The control unit is modified to add in the memory stage, and also take the ALU operation as an input to do that check. You can see the new unit here.

The Memory Subsystem

Because we now touch memory in multiple pipeline stages, we need to start routing our signals and selecting destinations depending on the current control state. There are various signal inputs that now come from multiple sources:

  1. Register File data input needs to be either dataResult from ALU, or dataReadOutput(ramRData) from memory – when a memory read.
  2. The Instruction Decoder needs connected to the dataReadOutput(ramRData) from memory, as the decoder only decodes during the correct pipeline stage, we don’t care that the input may be different – as long as the instruction data is correct at the decode stage.
  3. The memory write bit needs to know when we are performing a memory write instruction, and not a read.
  4. Memory writes also need to assign the dataWriteInput(ramWData) port with the data we need – contents of the rB register.
  5. The Address sent to the memory needs to be the current PC during fetch, and dataResult when a memory operation.

We can try this without making another functional unit, by just doing some assignments in our test bench source.
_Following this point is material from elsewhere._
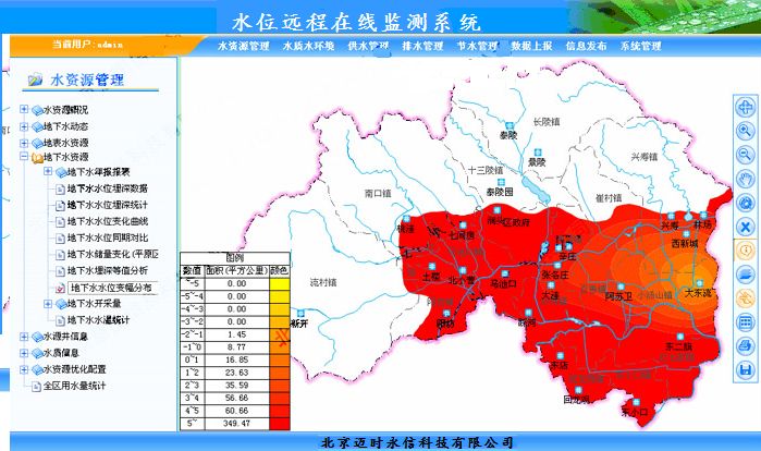 6)水位監(jiān)測信息分析系統(tǒng)可對數(shù)據(jù)進行存儲、分析、生成報表及實現(xiàn)各監(jiān)控計量點分時統(tǒng)計、對比消耗量、做出日周月季年報表、曲線、柱狀圖等。;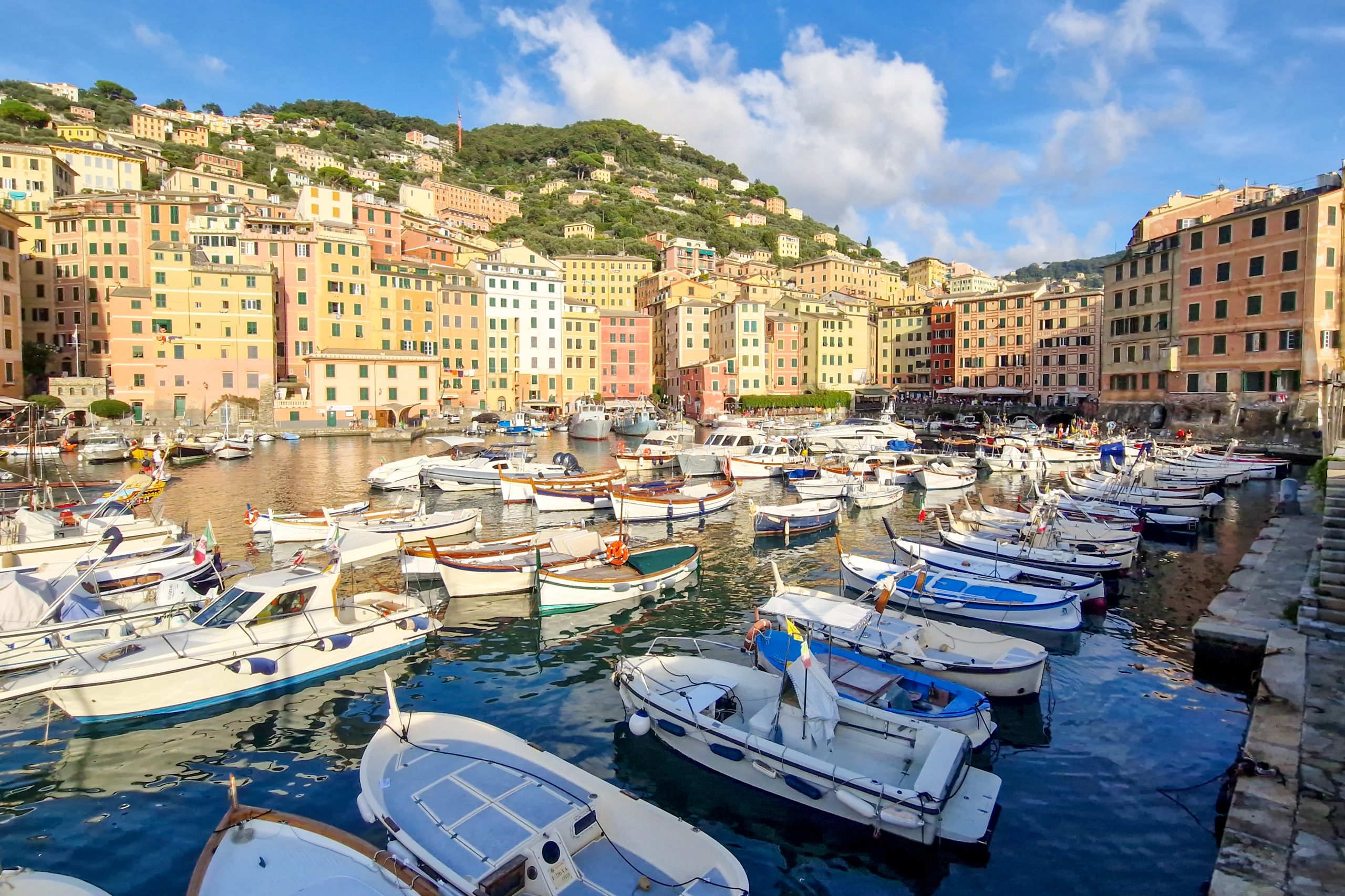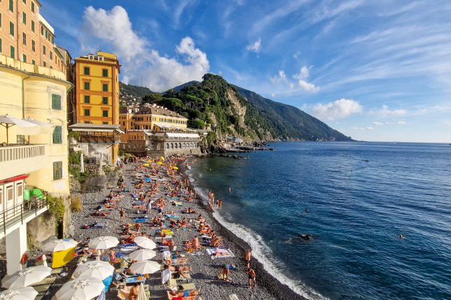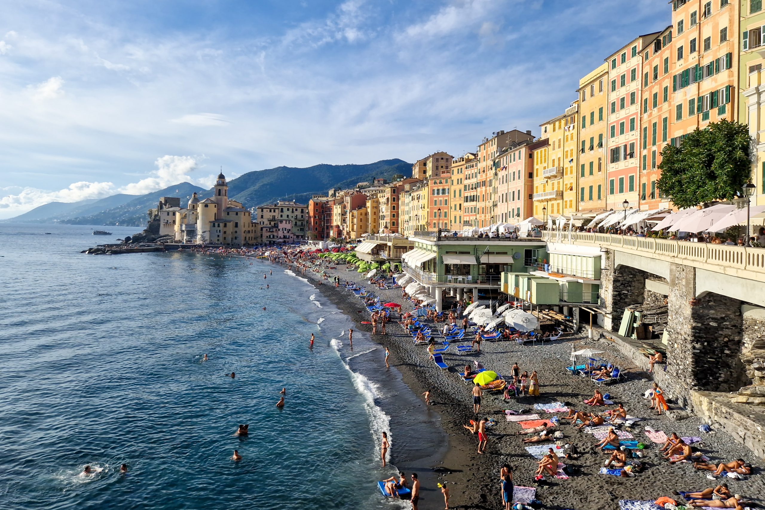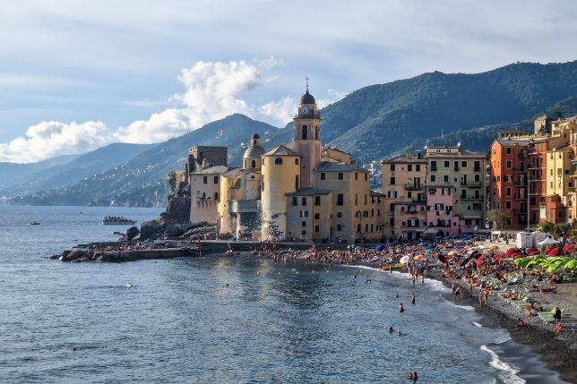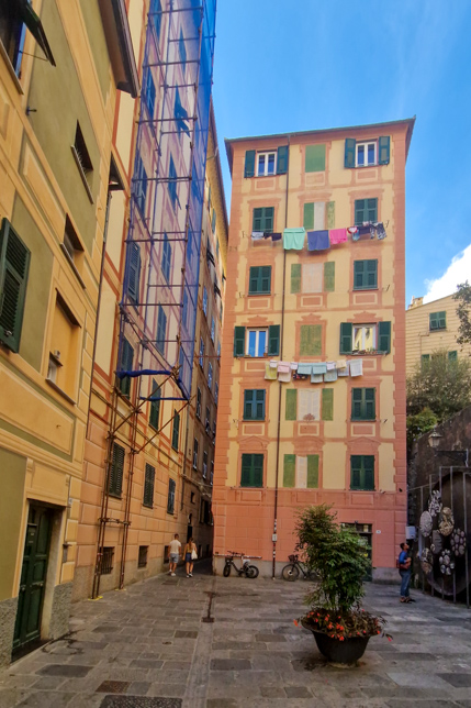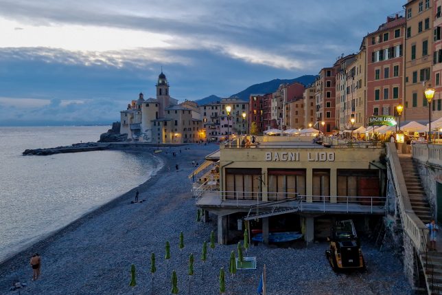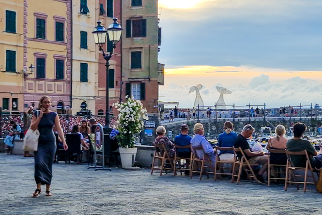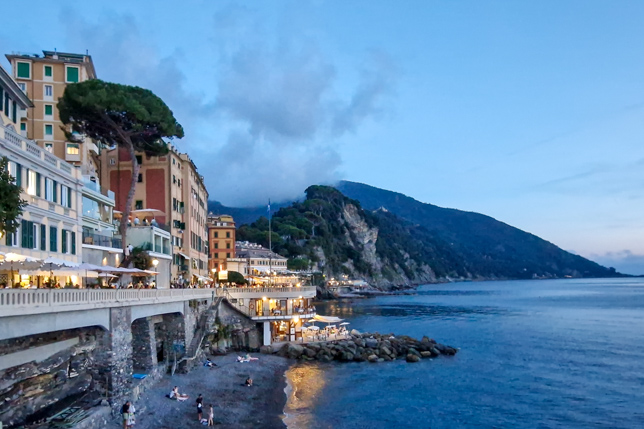 Bis zum späten Nachmittag genossen wir unter dem Sonnenschirm diese letzten Stunden des Sommerwetters, bevor wir zu einem Ausflug nach Camogli aufbrachen: Die kleine Gemeinde schmiegt sich in bunten Farben an das westliche, zerklüftete Ufer der Portofino-Halbinsel. Die beengten Platzverhältnisse am schmalen Küstenstreifen zwangen die Erbauer der Häuser, sie in die Höhe wachsen zu lassen – das verleiht Camogli seine unverwechselbare Architektur und seinen Charme.

ramAddr <= dataResult when en_memory = '1' else PC;
ramWData <= dataB;
ramWE <= '1' when en_memory = '1' and aluop(4 downto 1) = OPCODE_WRITE else '0';

registerWriteData <= ramRData when en_regwrite = '1' and aluop(4 downto 1) = OPCODE_READ else dataResult;
instruction <= ramRData;

Simulation

we use our existing test bench, with our additional memory system signals. We have a new test instruction stream which we have loaded into the memory which looks like this:

signal ram: store_t := (
  OPCODE_XOR & "000" & '0' & "000" & "000" & "00",
  OPCODE_LOAD & "001" & '1' & X"0f",
  OPCODE_LOAD & "010" & '1' & X"0e",
  OPCODE_LOAD & "110" & '1' & X"0b",
  OPCODE_READ & "100" & '0' & "010" & "100" & "00",
  OPCODE_READ & "101" & '0' & "001" & "100" & "00",
  OPCODE_SUB & "101" & '0' & "101" & "100" & "00",
  OPCODE_WRITE & "000" & '0' & "001" & "101" & "00",
  OPCODE_CMP & "111" & '0' & "101" & "101" & "00",
  OPCODE_JUMPEQ & "000" & '0' & "111" & "110" & "01",
  OPCODE_JUMP & "000" & '1' & X"05",
  OPCODE_JUMP & "000" & '1' & X"0b",
  X"0000",
  X"0000",
  X"0001",
  X"0006"
);

Which, in TPU assembly resembles:

  xor r0, r0, r0
  load.l r1, 0x0f
  load.l r2, 0x0e
  load.l r6, $fin
  read r4, r2
loop:
  read r5, r1
  sub.u r5, r5, r4
  write r1, r5
  cmp.u r7, r5, r5
  jaz r7, r6
  jump $loop
fin:
  jump $fin

  .loc 0x0e
  data 0x0001
  .loc 0x0f
  data 0x0006

This means we expect to see 0x0000 in the memory location 0x0f after 6 iterations of the loop. From the waveform we can see computation finishes within the simulation time. We can go into the memory view of ISim and we see the result is in the correct place.

first_simThis simulation works with one cycle of memory latency, when using our embedded RAM. If we wanted to go to an external ram such as the DRAM on miniSpartan6+, we’d need to introduce multiple cycles of latency. For this, we should stall the pipeline whilst memory operations complete. We won’t go into that just now, as I think we need to take a step back, and look at the top level view of TPU and try to get what we have on an FPGA.

Top level view

highlevelWith everything built to date, we can see a pretty general outline of a CPU, with the various control lines, data lines, selects, etc. With this implemented as a black box ‘core’, we can try to implement our CPU in such a way that we can view a working test on actual miniSpartan6+ hardware.

Creating a top level block for FPGA hardware

minispartan6The miniSpartan6+ board has 4 switches and 8 LEDs. The top-level block I created has the clock input, the 4 switch inputs and the 8 LED outputs. I still used the embedded RAM. The code within this block resembles the test bench, except there is a process for detecting when the RAM address line is 0x1000 and writing the data to the LED output pins. I use one of the switch inputs to drive the reset line, which actually doesn’t reset the CPU – it simply resets the control unit. As our registers do not get reset, execution continues once reset is deactivated with some existing state present.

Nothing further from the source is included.